| What the exercise asks |
Exactly the lines below, starting with the one containing "The standard vinyl" and going on through the one containing "एक फोटोग्राफर ने", must be reproduced, both ends included, and no pictures with them.

| Listed entries |
☆ ☆ ☆ ☆ ☆ ☆ ☆
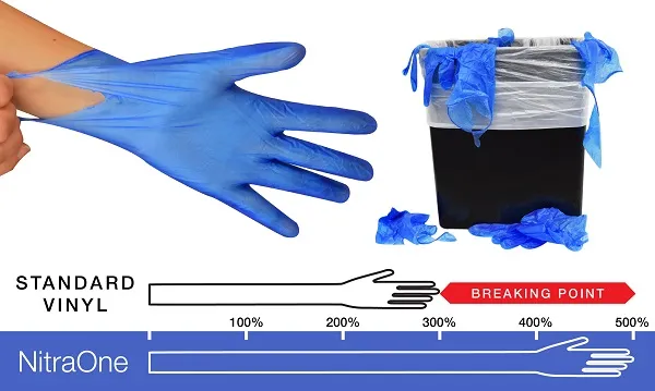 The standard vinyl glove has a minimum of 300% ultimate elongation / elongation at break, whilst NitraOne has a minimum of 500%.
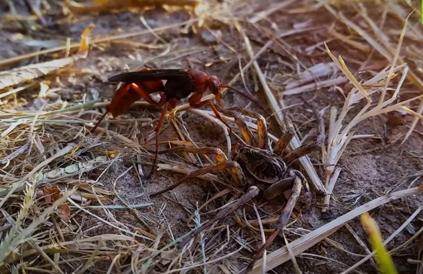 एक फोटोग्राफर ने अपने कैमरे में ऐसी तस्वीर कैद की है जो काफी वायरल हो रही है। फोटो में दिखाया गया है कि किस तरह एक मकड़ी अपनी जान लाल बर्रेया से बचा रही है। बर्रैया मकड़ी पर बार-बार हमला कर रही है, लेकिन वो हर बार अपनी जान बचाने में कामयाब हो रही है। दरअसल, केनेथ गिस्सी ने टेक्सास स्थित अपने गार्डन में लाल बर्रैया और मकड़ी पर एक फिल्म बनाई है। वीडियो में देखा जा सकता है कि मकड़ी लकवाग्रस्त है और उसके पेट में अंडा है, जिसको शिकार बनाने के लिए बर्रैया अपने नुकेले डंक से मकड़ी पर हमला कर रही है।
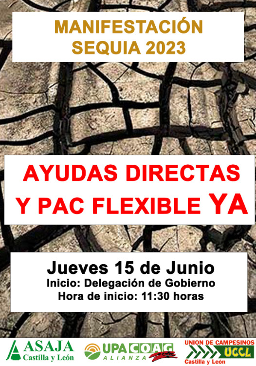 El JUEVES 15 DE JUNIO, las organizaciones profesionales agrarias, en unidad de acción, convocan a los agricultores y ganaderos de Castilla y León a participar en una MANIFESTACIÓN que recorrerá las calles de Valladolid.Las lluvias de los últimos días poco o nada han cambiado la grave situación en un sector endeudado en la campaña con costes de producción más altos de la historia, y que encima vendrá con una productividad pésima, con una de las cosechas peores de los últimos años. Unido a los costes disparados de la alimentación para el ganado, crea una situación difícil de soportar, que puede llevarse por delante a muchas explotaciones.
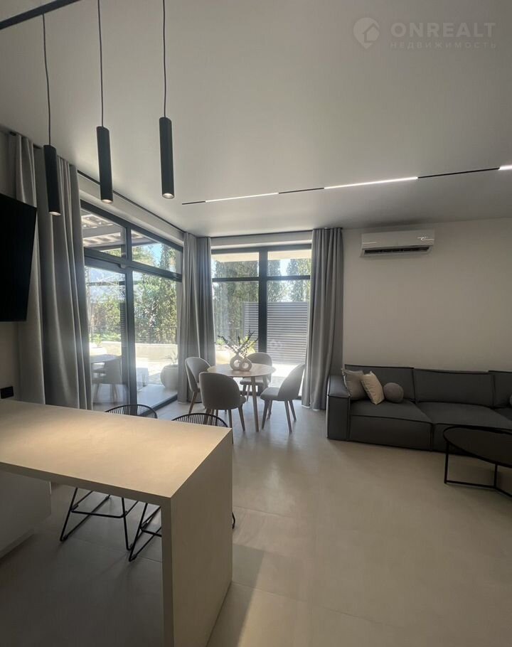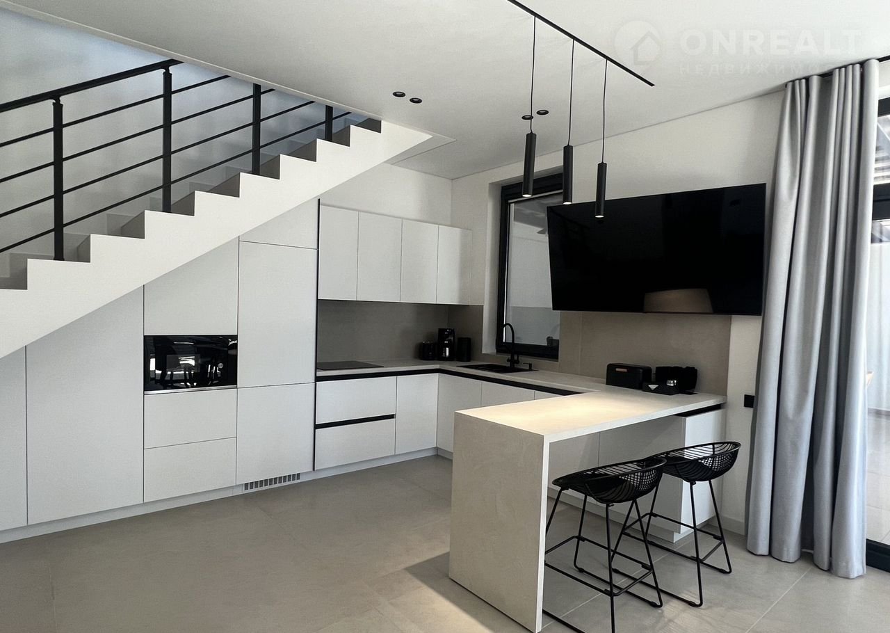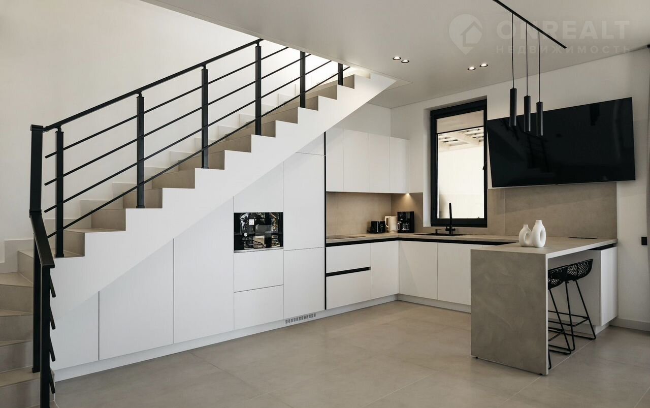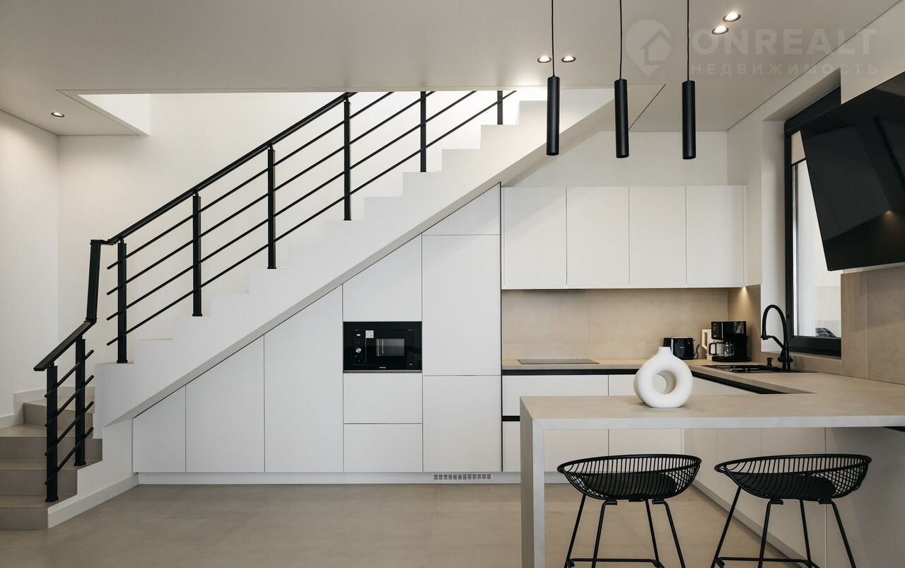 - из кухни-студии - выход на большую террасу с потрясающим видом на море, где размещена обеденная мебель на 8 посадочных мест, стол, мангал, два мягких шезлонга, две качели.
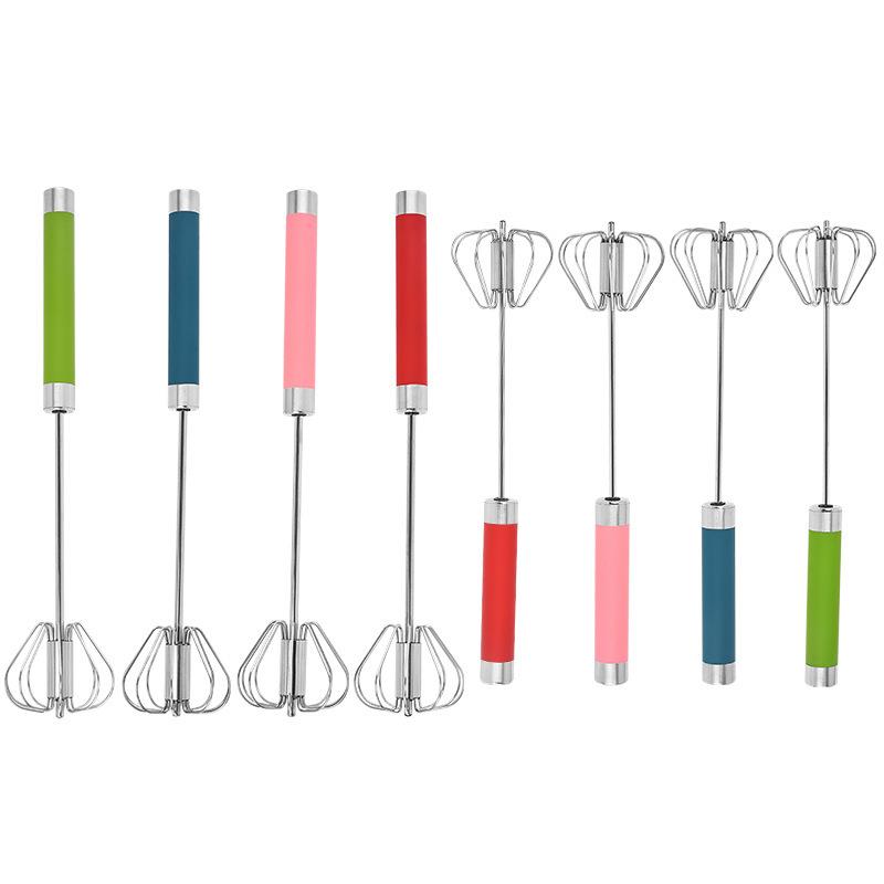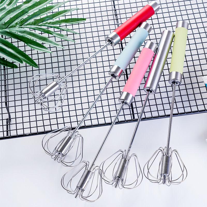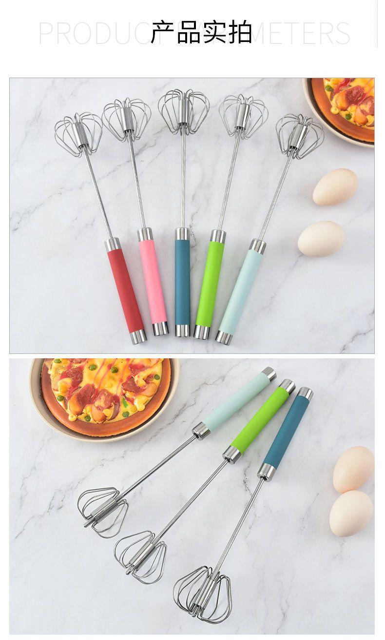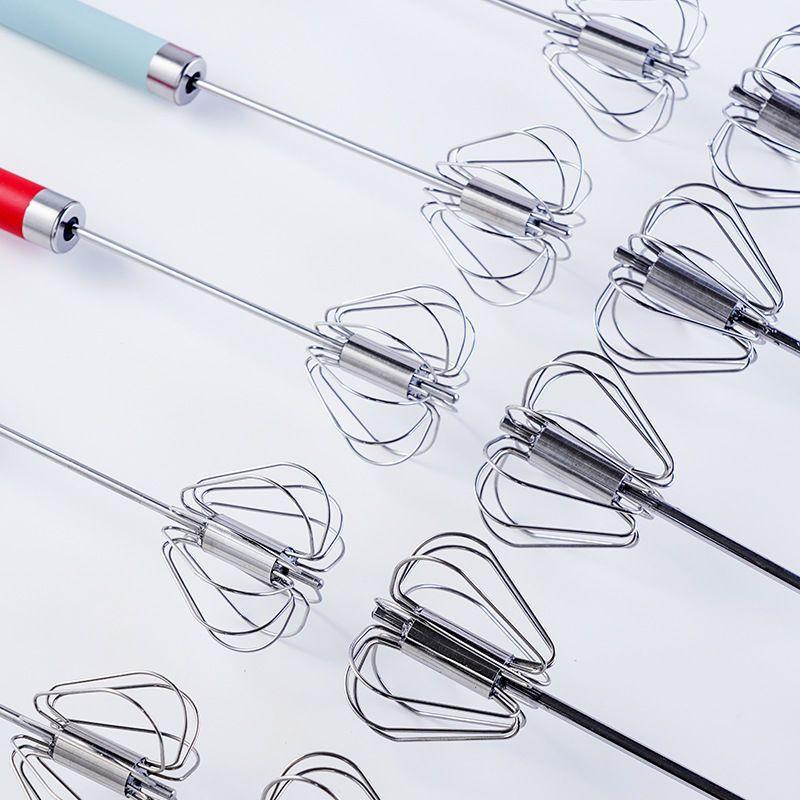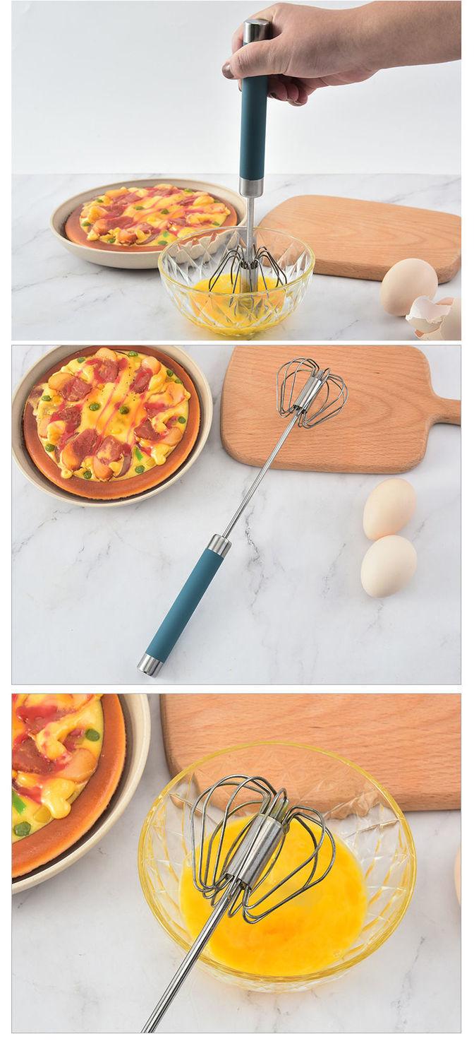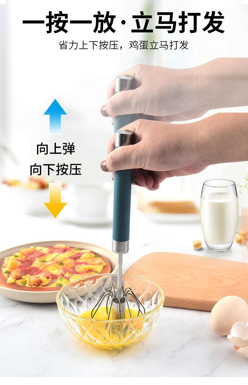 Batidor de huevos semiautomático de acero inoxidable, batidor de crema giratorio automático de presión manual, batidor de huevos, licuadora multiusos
☆ ☆ ☆ ☆ ☆ ☆ ☆
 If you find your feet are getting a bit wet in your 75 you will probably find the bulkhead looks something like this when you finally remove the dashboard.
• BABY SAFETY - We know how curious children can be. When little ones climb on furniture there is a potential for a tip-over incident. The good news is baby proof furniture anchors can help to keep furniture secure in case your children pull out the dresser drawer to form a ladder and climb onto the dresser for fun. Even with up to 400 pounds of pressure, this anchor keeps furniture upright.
☆ ☆ ☆ ☆ ☆ ☆ ☆
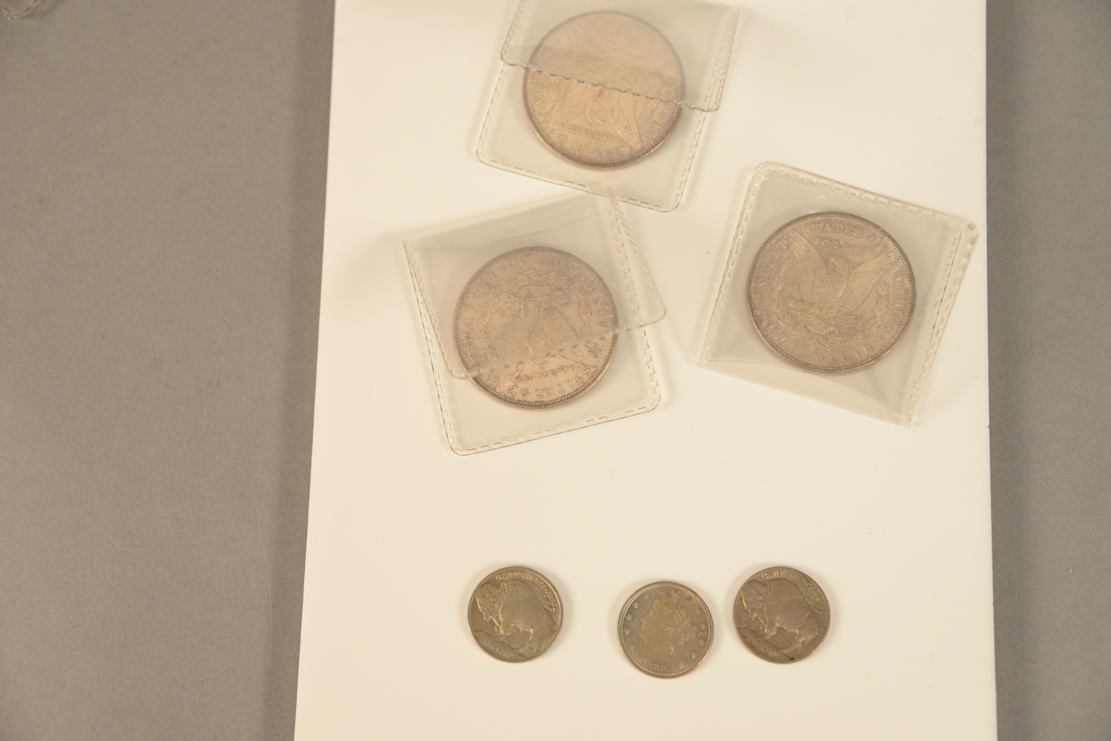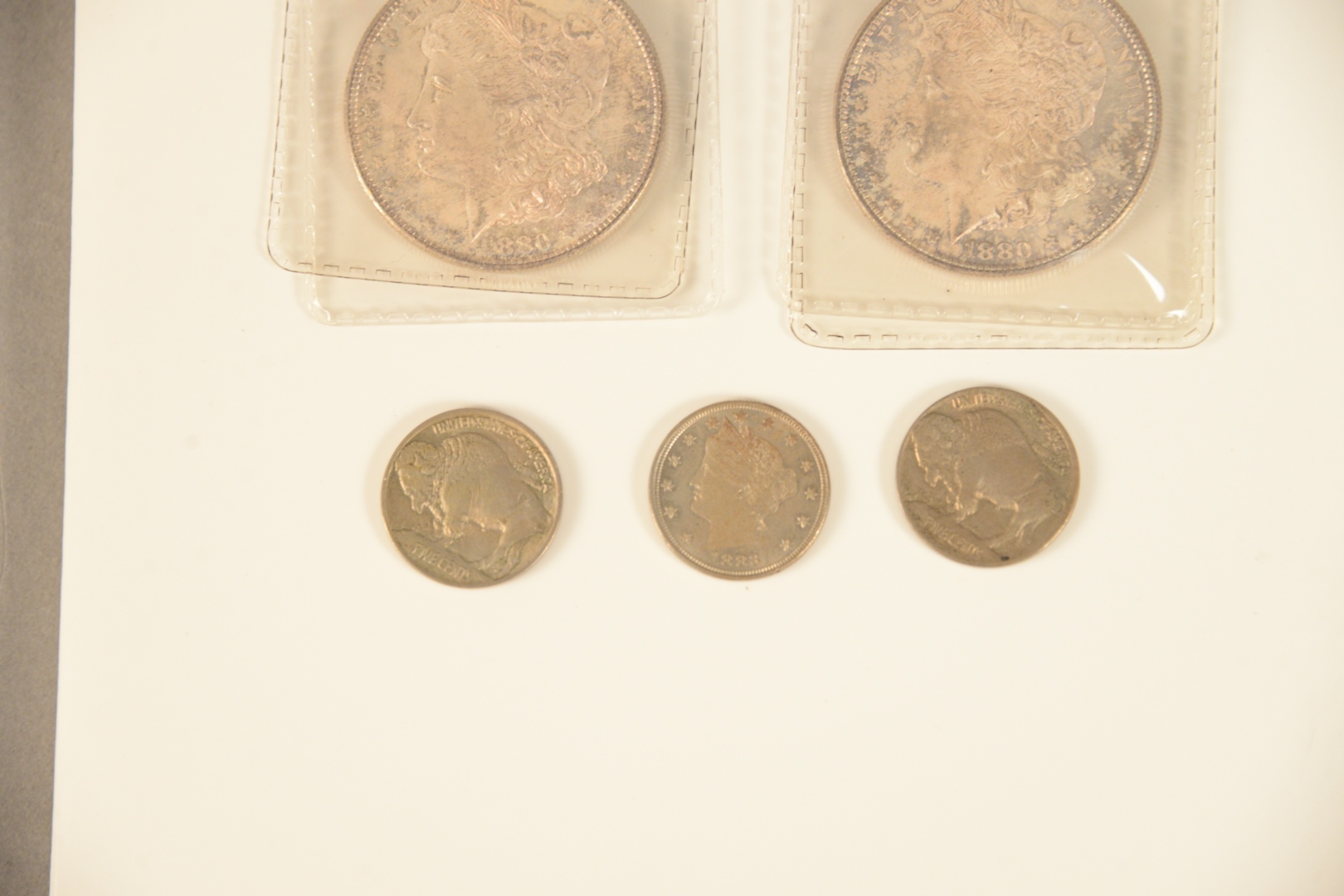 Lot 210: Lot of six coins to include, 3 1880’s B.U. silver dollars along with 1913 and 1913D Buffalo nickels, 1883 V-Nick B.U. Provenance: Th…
☆ ☆ ☆ ☆ ☆ ☆ ☆
| Written answer |
 The standard vinyl glove has a minimum of 300% ultimate elongation / elongation at break, whilst NitraOne has a minimum of 500%.
 एक फोटोग्राफर ने अपने कैमरे में ऐसी तस्वीर कैद की है जो काफी वायरल हो रही है। फोटो में दिखाया गया है कि किस तरह एक मकड़ी अपनी जान लाल बर्रेया से बचा रही है। बर्रैया मकड़ी पर बार-बार हमला कर रही है, लेकिन वो हर बार अपनी जान बचाने में कामयाब हो रही है। दरअसल, केनेथ गिस्सी ने टेक्सास स्थित अपने गार्डन में लाल बर्रैया और मकड़ी पर एक फिल्म बनाई है। वीडियो में देखा जा सकता है कि मकड़ी लकवाग्रस्त है और उसके पेट में अंडा है, जिसको शिकार बनाने के लिए बर्रैया अपने नुकेले डंक से मकड़ी पर हमला कर रही है।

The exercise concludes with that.